Segment Start: Exercise input
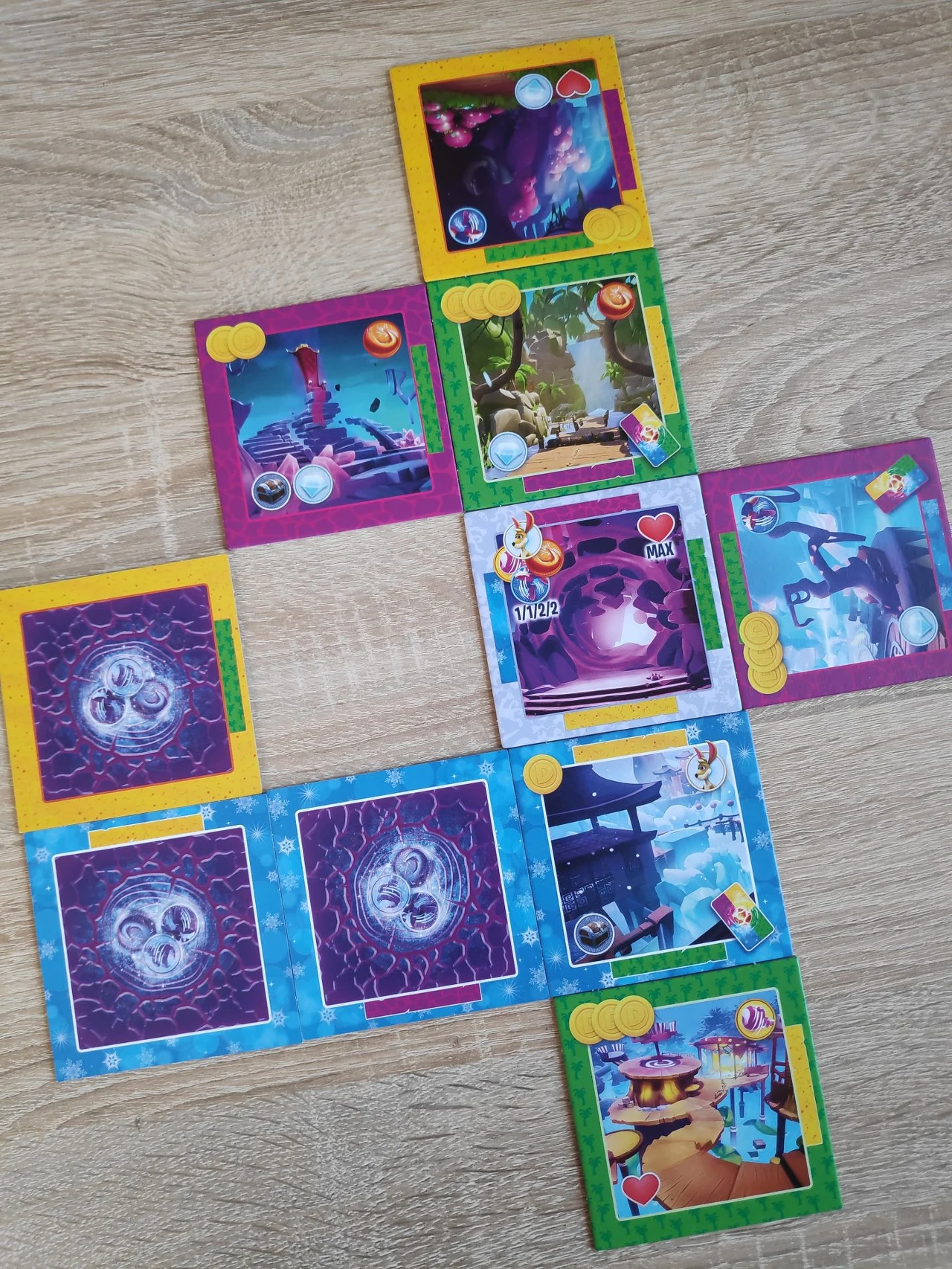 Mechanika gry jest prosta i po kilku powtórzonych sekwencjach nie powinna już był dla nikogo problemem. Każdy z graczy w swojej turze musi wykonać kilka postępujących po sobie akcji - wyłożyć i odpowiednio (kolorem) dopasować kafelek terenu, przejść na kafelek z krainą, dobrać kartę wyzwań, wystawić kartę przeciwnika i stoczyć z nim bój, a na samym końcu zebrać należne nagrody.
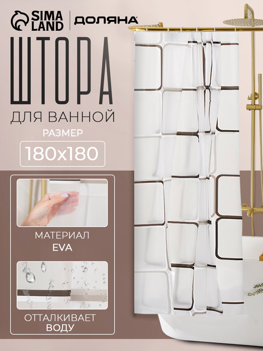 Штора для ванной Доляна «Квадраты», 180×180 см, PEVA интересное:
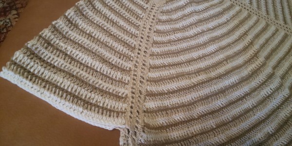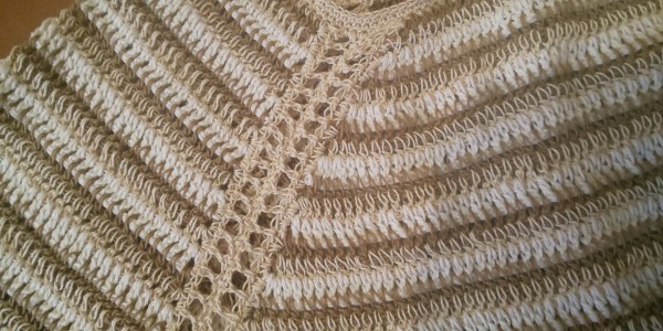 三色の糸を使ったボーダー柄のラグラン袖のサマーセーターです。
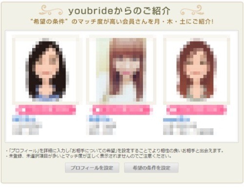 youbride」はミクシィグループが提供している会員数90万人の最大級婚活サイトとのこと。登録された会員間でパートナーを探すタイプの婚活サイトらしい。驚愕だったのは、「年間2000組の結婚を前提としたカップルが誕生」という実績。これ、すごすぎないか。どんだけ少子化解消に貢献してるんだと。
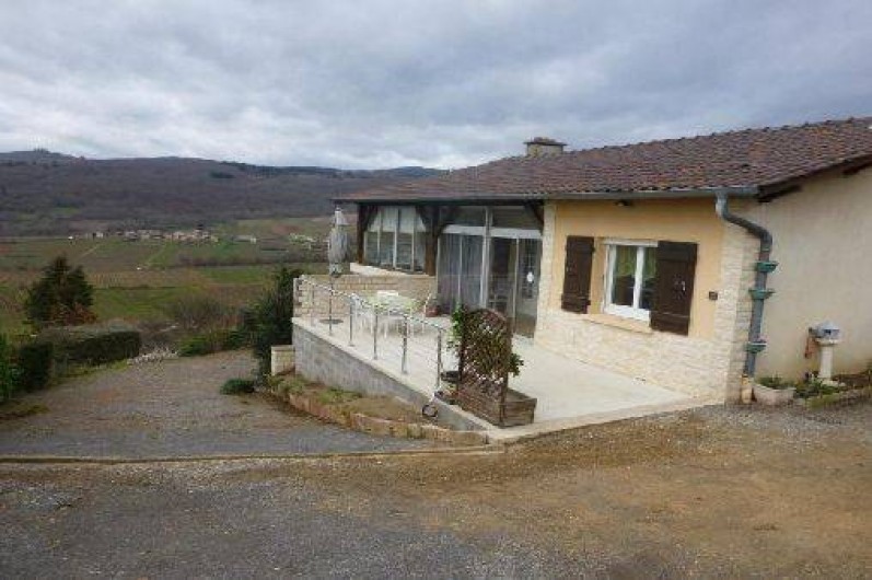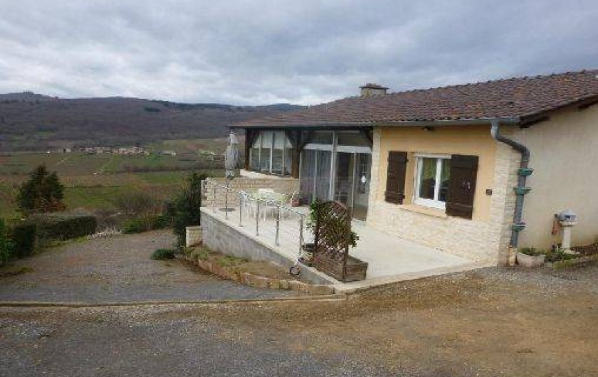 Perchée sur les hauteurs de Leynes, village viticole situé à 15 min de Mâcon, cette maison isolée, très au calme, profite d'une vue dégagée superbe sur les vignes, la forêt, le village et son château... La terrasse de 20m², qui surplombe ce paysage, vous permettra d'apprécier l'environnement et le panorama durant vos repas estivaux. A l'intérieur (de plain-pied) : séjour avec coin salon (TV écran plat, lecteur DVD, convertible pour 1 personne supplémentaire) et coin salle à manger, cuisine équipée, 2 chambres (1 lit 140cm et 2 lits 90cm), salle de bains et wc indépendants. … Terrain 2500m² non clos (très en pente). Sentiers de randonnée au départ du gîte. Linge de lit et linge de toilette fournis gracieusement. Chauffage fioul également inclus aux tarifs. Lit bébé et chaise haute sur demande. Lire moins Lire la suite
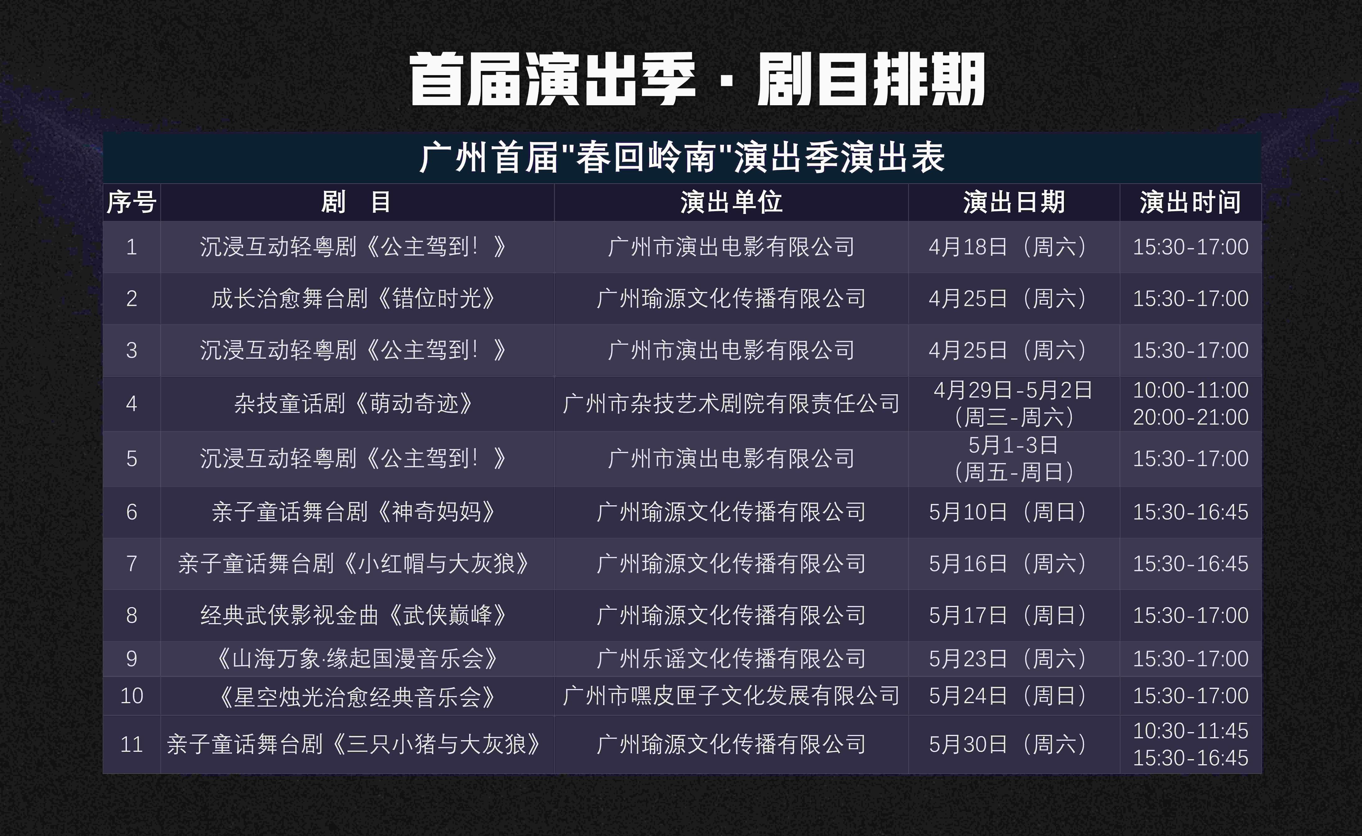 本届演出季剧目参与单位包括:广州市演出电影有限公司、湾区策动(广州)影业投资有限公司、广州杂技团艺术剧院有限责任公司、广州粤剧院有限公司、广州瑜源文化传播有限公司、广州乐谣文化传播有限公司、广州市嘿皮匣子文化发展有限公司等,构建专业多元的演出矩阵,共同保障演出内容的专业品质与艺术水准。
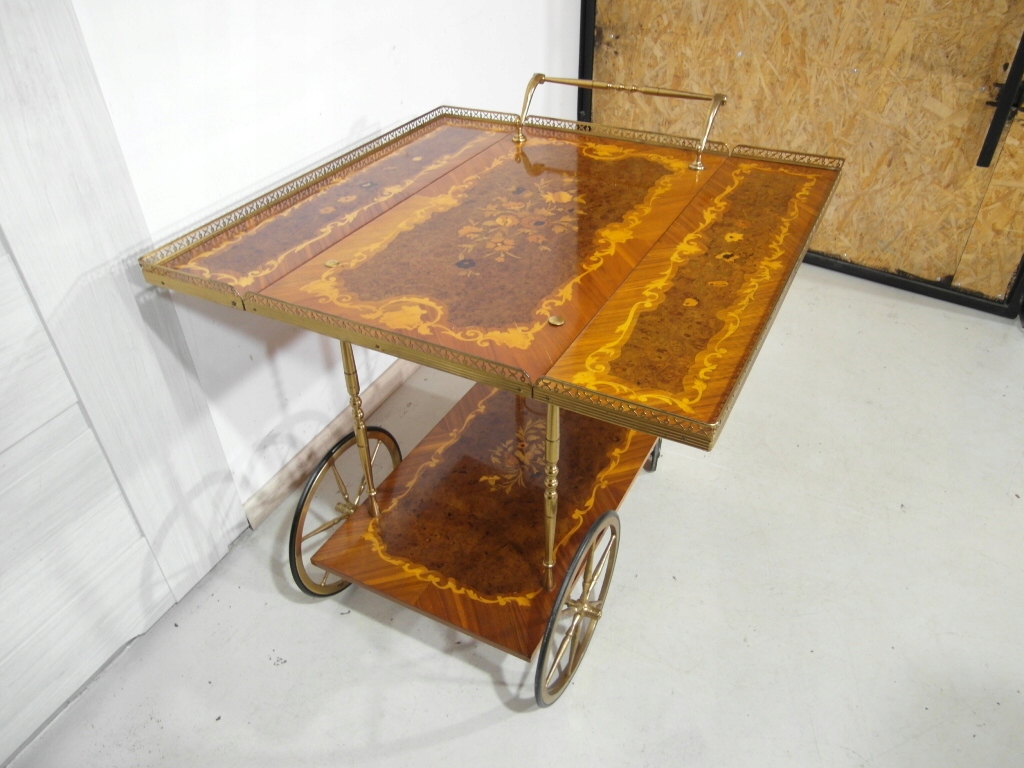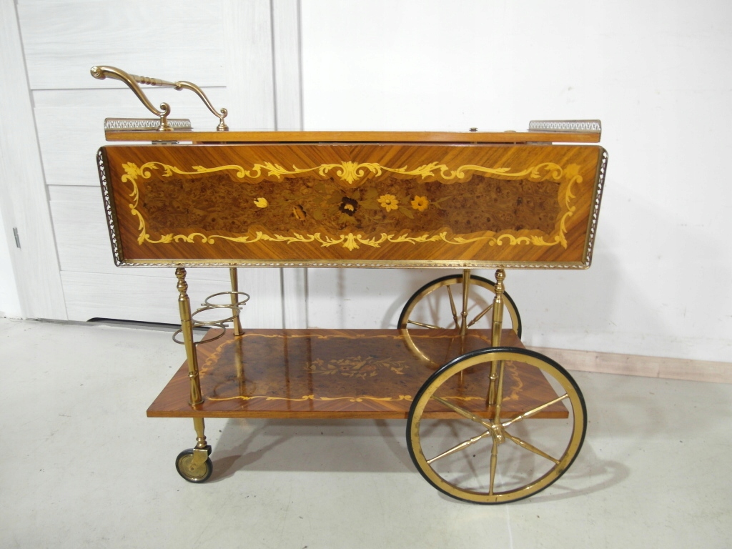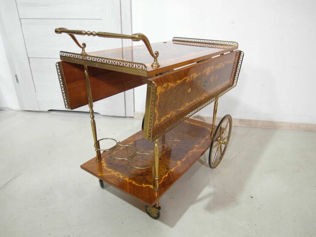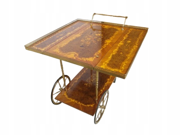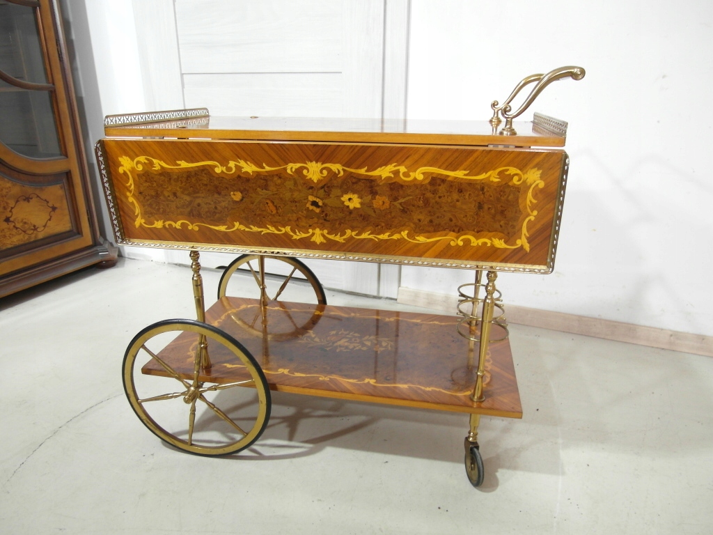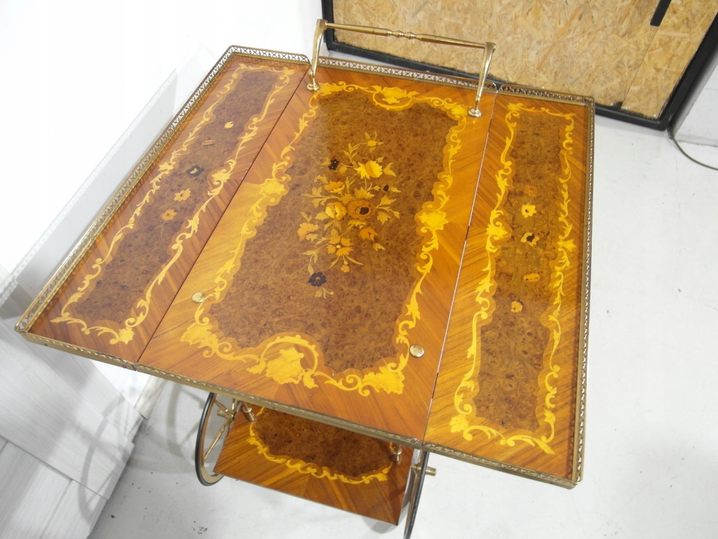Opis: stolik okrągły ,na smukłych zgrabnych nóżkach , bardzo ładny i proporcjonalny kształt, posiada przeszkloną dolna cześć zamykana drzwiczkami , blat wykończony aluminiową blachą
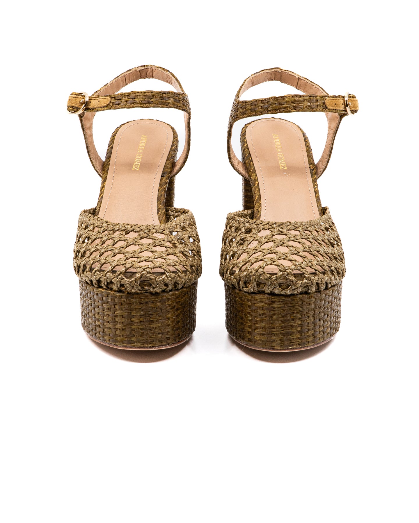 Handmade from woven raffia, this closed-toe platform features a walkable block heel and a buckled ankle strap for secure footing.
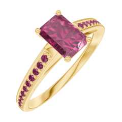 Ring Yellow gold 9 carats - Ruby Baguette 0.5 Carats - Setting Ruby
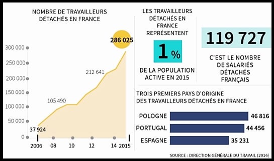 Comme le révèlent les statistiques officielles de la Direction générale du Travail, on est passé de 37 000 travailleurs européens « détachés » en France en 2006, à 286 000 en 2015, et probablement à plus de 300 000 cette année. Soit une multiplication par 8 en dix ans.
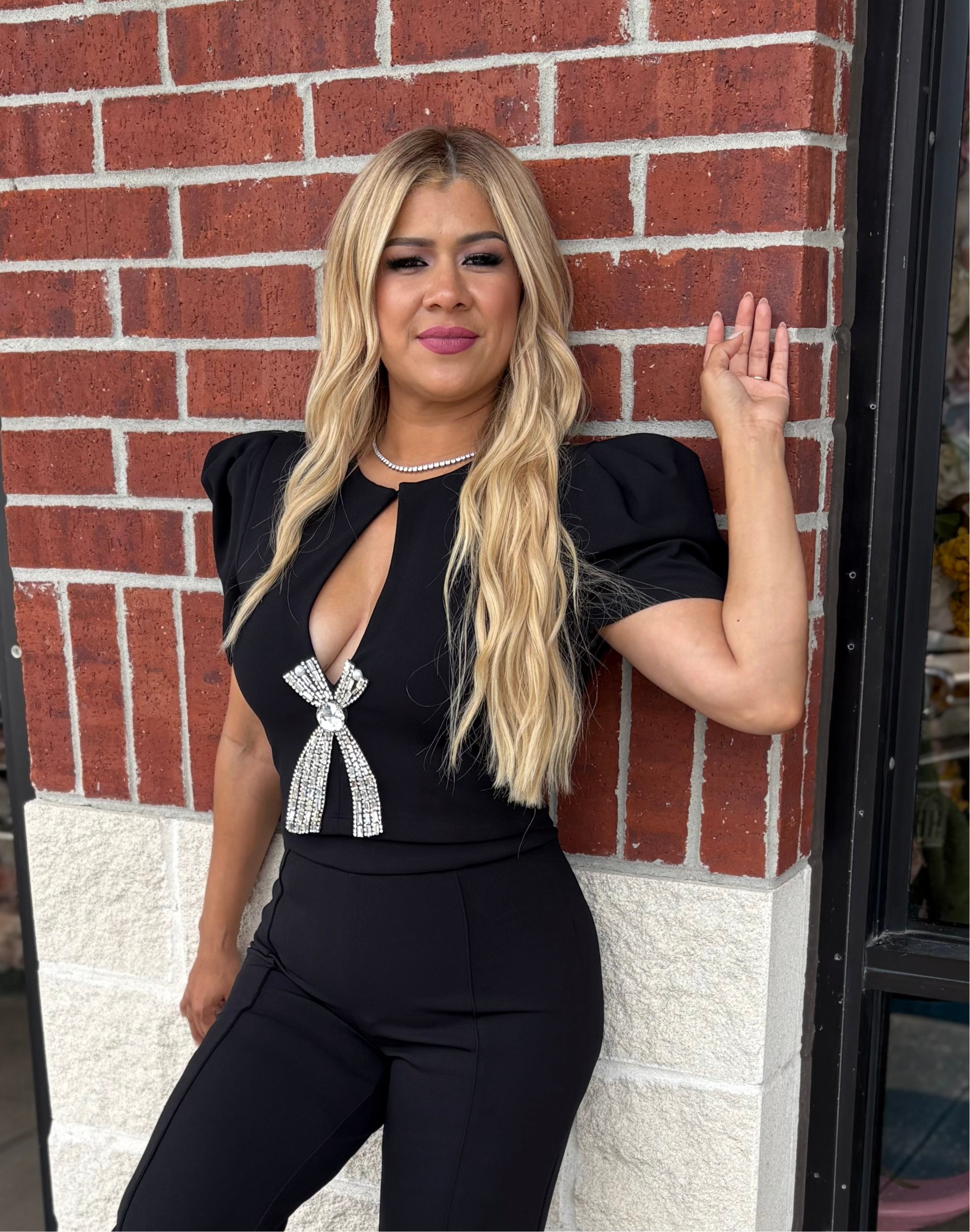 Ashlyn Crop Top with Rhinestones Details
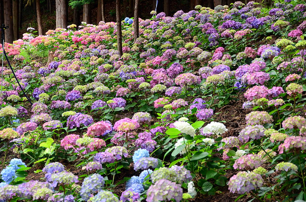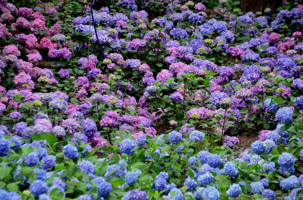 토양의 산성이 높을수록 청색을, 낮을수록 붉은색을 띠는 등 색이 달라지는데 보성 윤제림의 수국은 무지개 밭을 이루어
Segment End: Exercise input
> Problem requirements: Nothing should appear in the answer except the lines from the one containing "三色の糸を使ったボーダー柄のラグラン袖のサマーセーターです。" through the last line of the listing, given again exactly and with no pictures.

> The answer:
 三色の糸を使ったボーダー柄のラグラン袖のサマーセーターです。
 youbride」はミクシィグループが提供している会員数90万人の最大級婚活サイトとのこと。登録された会員間でパートナーを探すタイプの婚活サイトらしい。驚愕だったのは、「年間2000組の結婚を前提としたカップルが誕生」という実績。これ、すごすぎないか。どんだけ少子化解消に貢献してるんだと。
 Perchée sur les hauteurs de Leynes, village viticole situé à 15 min de Mâcon, cette maison isolée, très au calme, profite d'une vue dégagée superbe sur les vignes, la forêt, le village et son château... La terrasse de 20m², qui surplombe ce paysage, vous permettra d'apprécier l'environnement et le panorama durant vos repas estivaux. A l'intérieur (de plain-pied) : séjour avec coin salon (TV écran plat, lecteur DVD, convertible pour 1 personne supplémentaire) et coin salle à manger, cuisine équipée, 2 chambres (1 lit 140cm et 2 lits 90cm), salle de bains et wc indépendants. … Terrain 2500m² non clos (très en pente). Sentiers de randonnée au départ du gîte. Linge de lit et linge de toilette fournis gracieusement. Chauffage fioul également inclus aux tarifs. Lit bébé et chaise haute sur demande. Lire moins Lire la suite
 本届演出季剧目参与单位包括:广州市演出电影有限公司、湾区策动(广州)影业投资有限公司、广州杂技团艺术剧院有限责任公司、广州粤剧院有限公司、广州瑜源文化传播有限公司、广州乐谣文化传播有限公司、广州市嘿皮匣子文化发展有限公司等,构建专业多元的演出矩阵,共同保障演出内容的专业品质与艺术水准。
Opis: stolik okrągły ,na smukłych zgrabnych nóżkach , bardzo ładny i proporcjonalny kształt, posiada przeszkloną dolna cześć zamykana drzwiczkami , blat wykończony aluminiową blachą
 Handmade from woven raffia, this closed-toe platform features a walkable block heel and a buckled ankle strap for secure footing.
 Ring Yellow gold 9 carats - Ruby Baguette 0.5 Carats - Setting Ruby
 Comme le révèlent les statistiques officielles de la Direction générale du Travail, on est passé de 37 000 travailleurs européens « détachés » en France en 2006, à 286 000 en 2015, et probablement à plus de 300 000 cette année. Soit une multiplication par 8 en dix ans.
 Ashlyn Crop Top with Rhinestones Details
 토양의 산성이 높을수록 청색을, 낮을수록 붉은색을 띠는 등 색이 달라지는데 보성 윤제림의 수국은 무지개 밭을 이루어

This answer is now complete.